It felt like a scene in a movie. Dark clouds appear on the horizon and then rush across the sky to cover the actor in darkness then rain begins to fall to ensure nature has made its point that you are nothing compared to it. Perhaps you should just lie down and never get up.
Except in real life it didn’t happen in under twenty seconds on screen but rather over the course of a few weeks. For me it started with the simple frustration of this blog being offline and me being able to do nothing about it. I was stuck waiting for someone else to do something so I could start to fix it. Then something else was wrong after that and again I was stuck waiting for a reply for a month.
Then it got worse as my wife was having a problem getting a previous client to pay up on an outstanding invoice. And this wasn’t a minor amount of money either it was close to 10% of her income for a year.
Finally to top it off someone hit our car in the parking lot and ran off without leaving a note. So now we had to get the car fixed and pay our insurance deductible of $700. It felt like everything was going wrong in our lives over the course of a few weeks.
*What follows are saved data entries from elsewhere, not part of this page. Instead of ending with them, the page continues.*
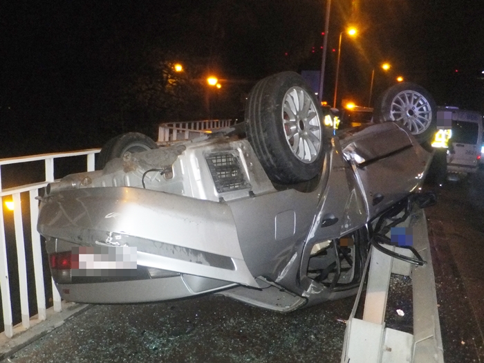 Strażnicy miejscy, którzy w sobotę ok. 23.00 jechali w kierunku centrum przy zjeździe z mostu Gdańskiego zauważyli rozbite bariery ochronne i przewrócone na dach auto. Funkcjonariusze zabezpieczyli miejsce wypadku. Obok pojazdu znajdowali się dwaj mężczyźni – kierowca i pasażer. Strażnicy miejscy wezwali pogotowie ratunkowe i policję. Obaj mężczyźni zostali karetkami zabrani do szpitali.
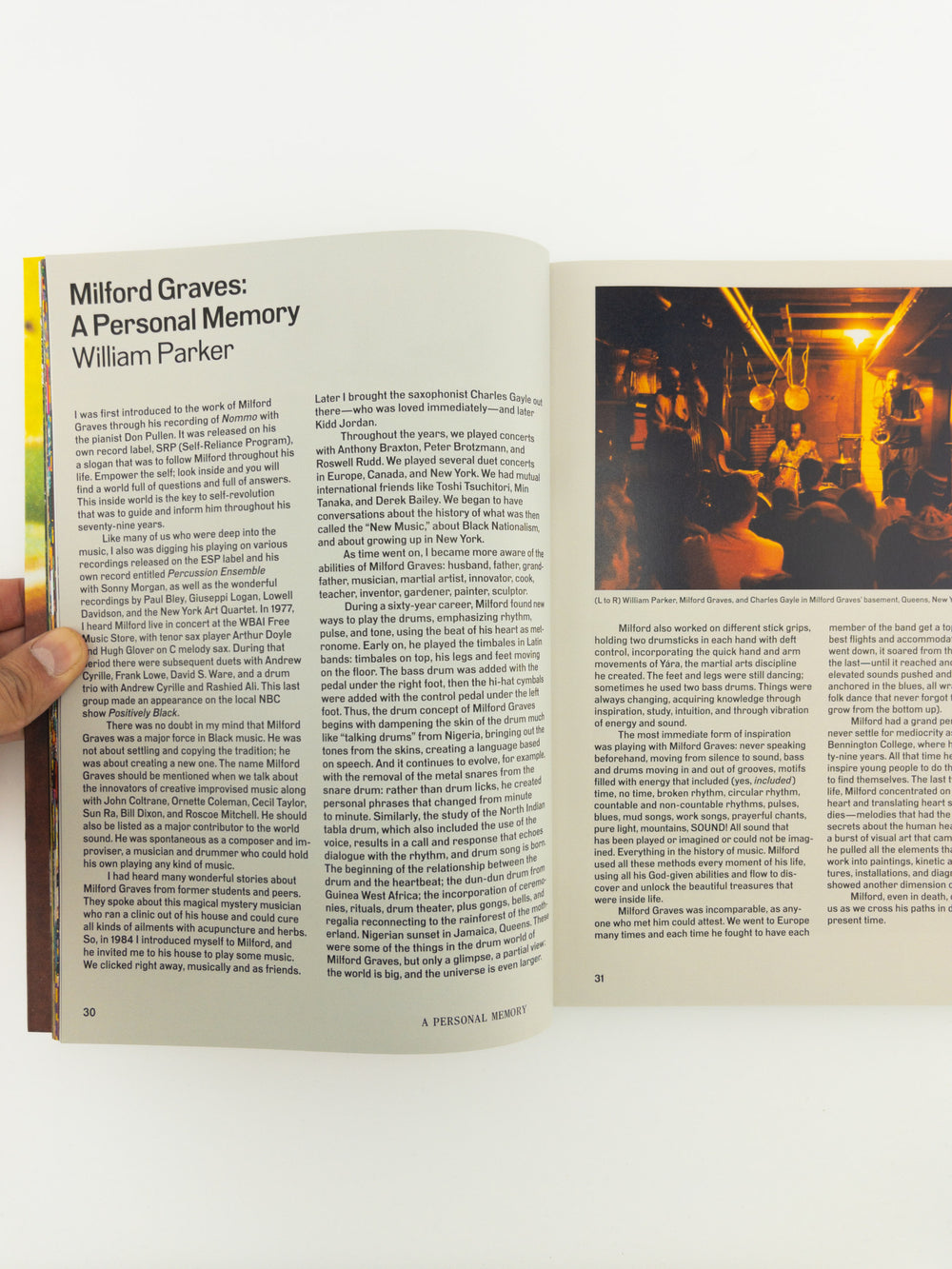 Milford Graves (1941–2021) was a revelatory force in music beginning in the mid-1960s, liberating the drummer from the role of time-keeper to instrumental improviser. A pivotal figure in the free jazz movement, he created groundbreaking work with Albert Ayler, the New York Art Quartet, Min Tanaka, and John Zorn, and led the way in artistic self-production. But his kaleidoscopic genius was not bound by music, and it led him to develop an oeuvre unprecedented in its breadth—from healing arts to botany, cardiac research to martial arts.
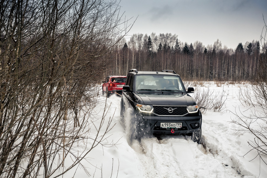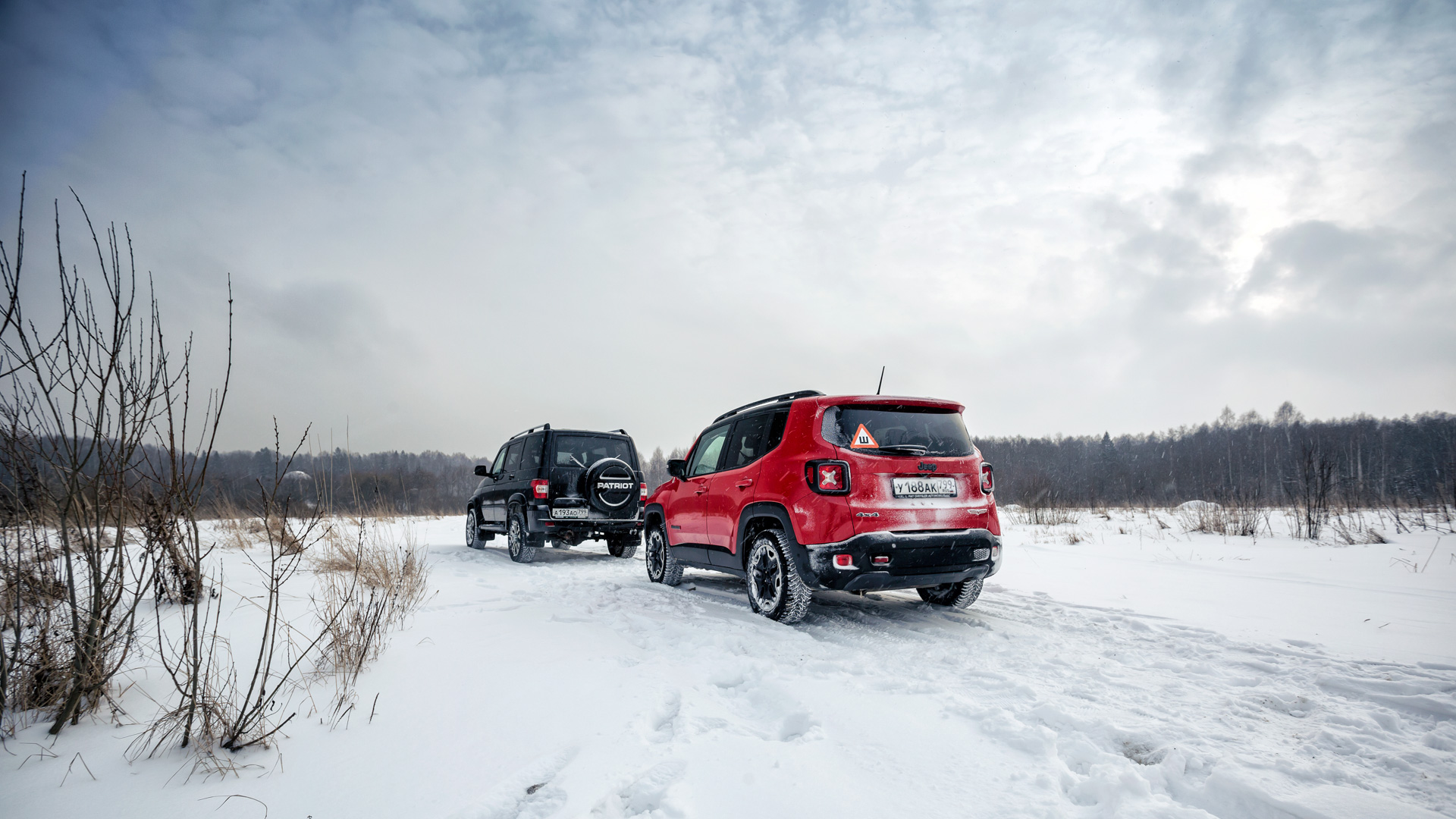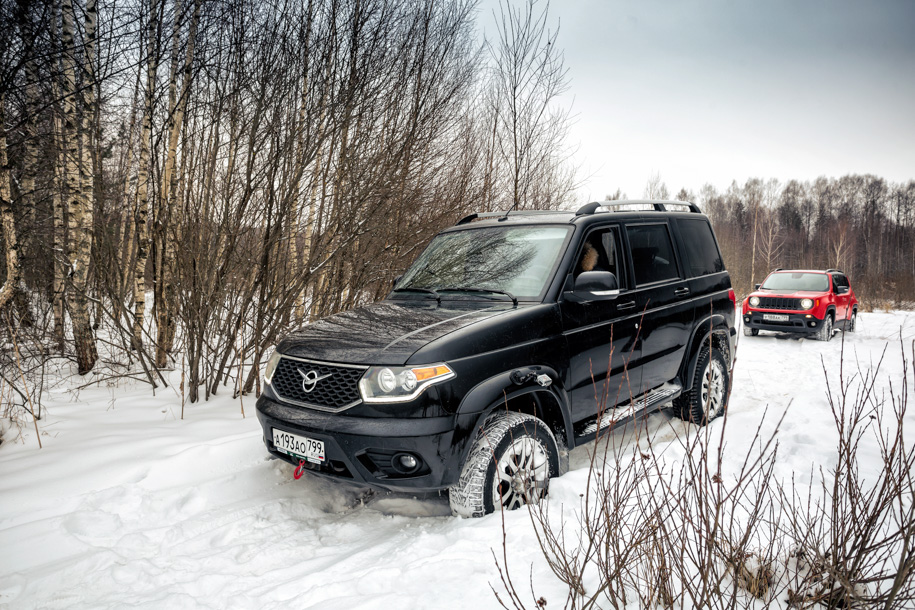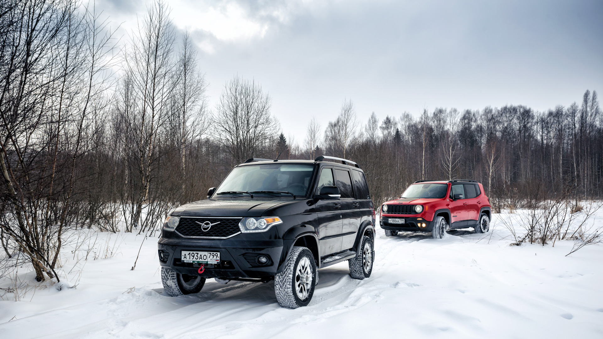Раз уж сравнение назрело, то мы взяли самые нетипичные машины оппонентов. Это современнейший из УАЗов, то есть максимально расфуфыренный «Патриот» с кожей, климатом и подогревом руля – внедорожник, который хотя бы пытается быть современным, – а также самую внедорожную версию самой асфальтовой модели Jeep: Renegade Trailhawk.
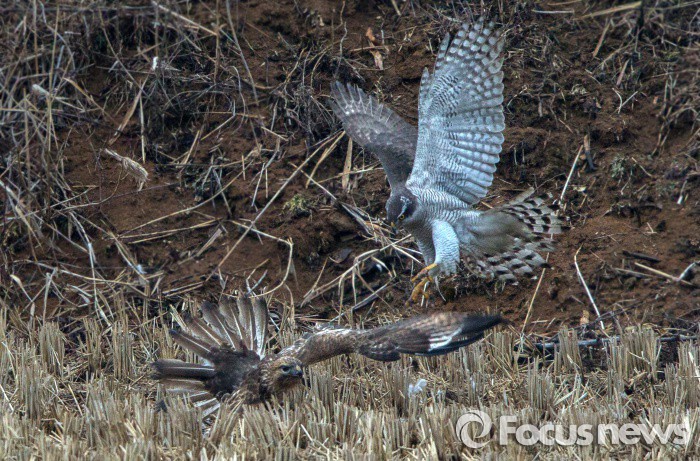 (철원=포커스뉴스) 북상길에 오른 멸종위기종 참매(오른쪽 천연기념물 323호)와 말똥가리가 6일 오전강원 철원군 동송읍 한탄강변에서 먹잇감을 놓고 서로 차지하려고 다투고 있다. 참매가 사냥한 고방오리를말똥가리가 기습해 잠시 차지했으나, 참매가 다시 빼앗아 달아났다.
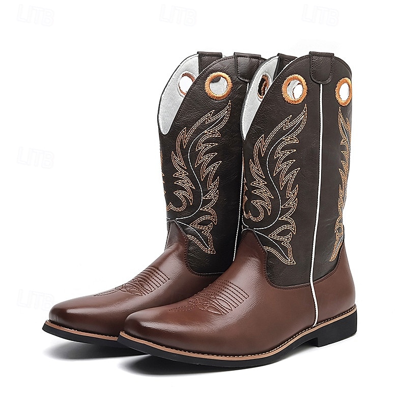 HOT ! Men's Embroidered Faux Leather Cowboy Boots – Classic Western Riding Boots with Stitched Design for Outdoor, Country Dance and Casual Wear
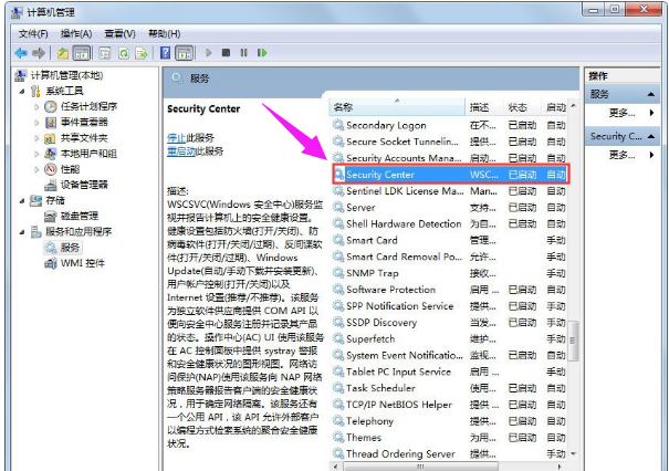 找到Security Center服务选项,可以看到这个服务是启动了的
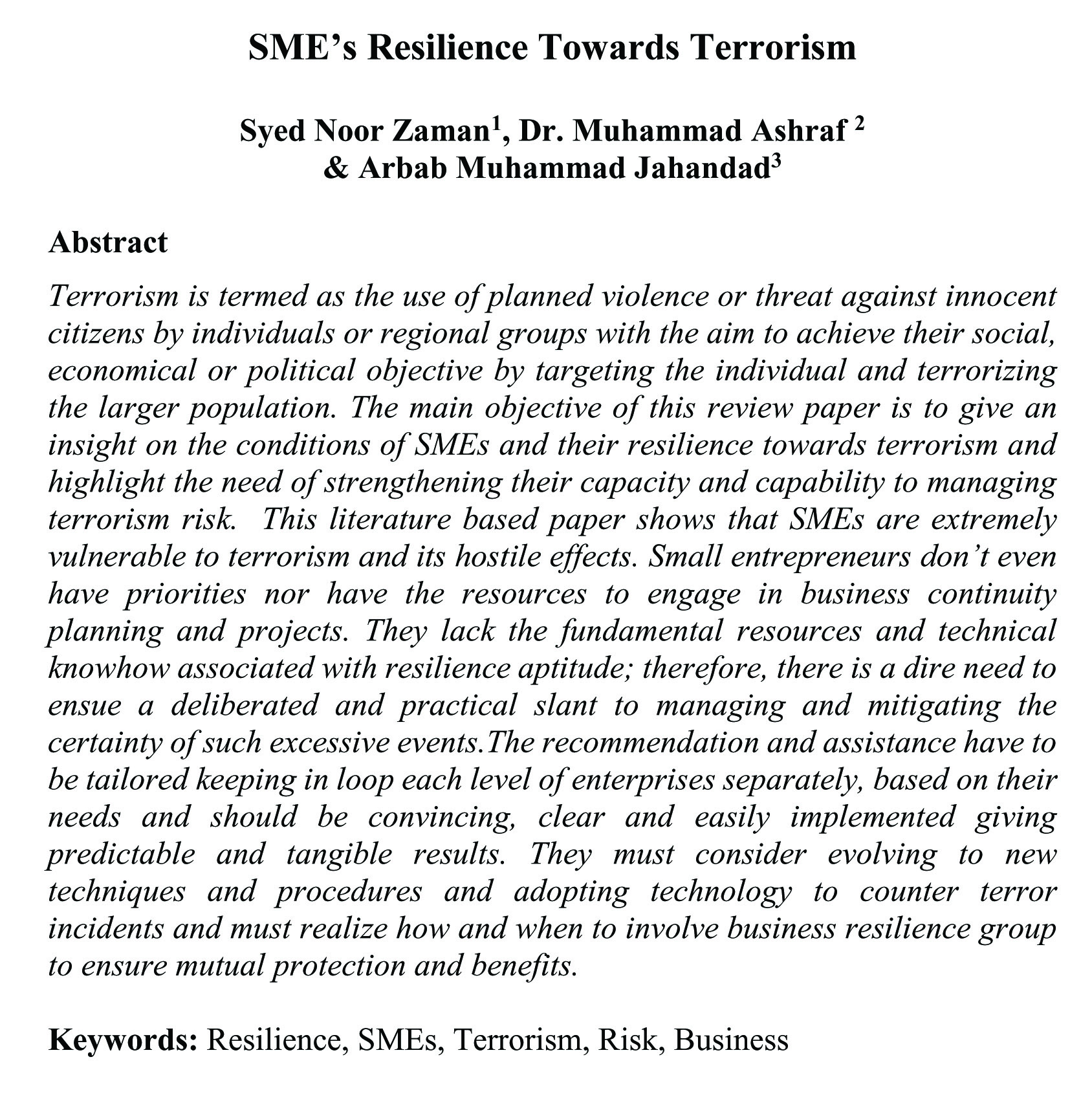 SME's Resilience Towards Terrorism (abstract)

It became hard to hope for a while. I felt powerless and worthless. And at times I doubted my decision to leave my job last fall. I felt like it was doomed to end in tears and I would eventually fail at this whole early retirement thing. It wasn’t like I was depressed but rather like I lost faith in that fact things would get better. I felt frustrated at the lack of progress what I thought were my big problems in life.
Then slowly things did get better. My wife finally got some progress on her outstanding invoice and eventually an agreement to pay it back in installments.
Then I had a friend look at my blog and offer a suggestion on what could be wrong. And I got an offer out of the blue from Tom Drake to also have a look at the blog and came to a similar conclusion on what the problem could be. So with that in hand I finally got my tech support to fix the issue and after even more issues being sorted out now I’m finally back online.
The car isn’t fixed yet but at least I feel I can face dealing with it now and the world isn’t so dark anymore. Perhaps most of all I can hope that things will get better.
You see early retirement doesn’t solve all your problems. You still have your bad days and things will go wrong (sometimes all together). Yet life goes on. Today isn’t forever but rather a moment in time. It’s hard to realize that when things are going wrong but in the end I’m back in the sun and feeling better about life.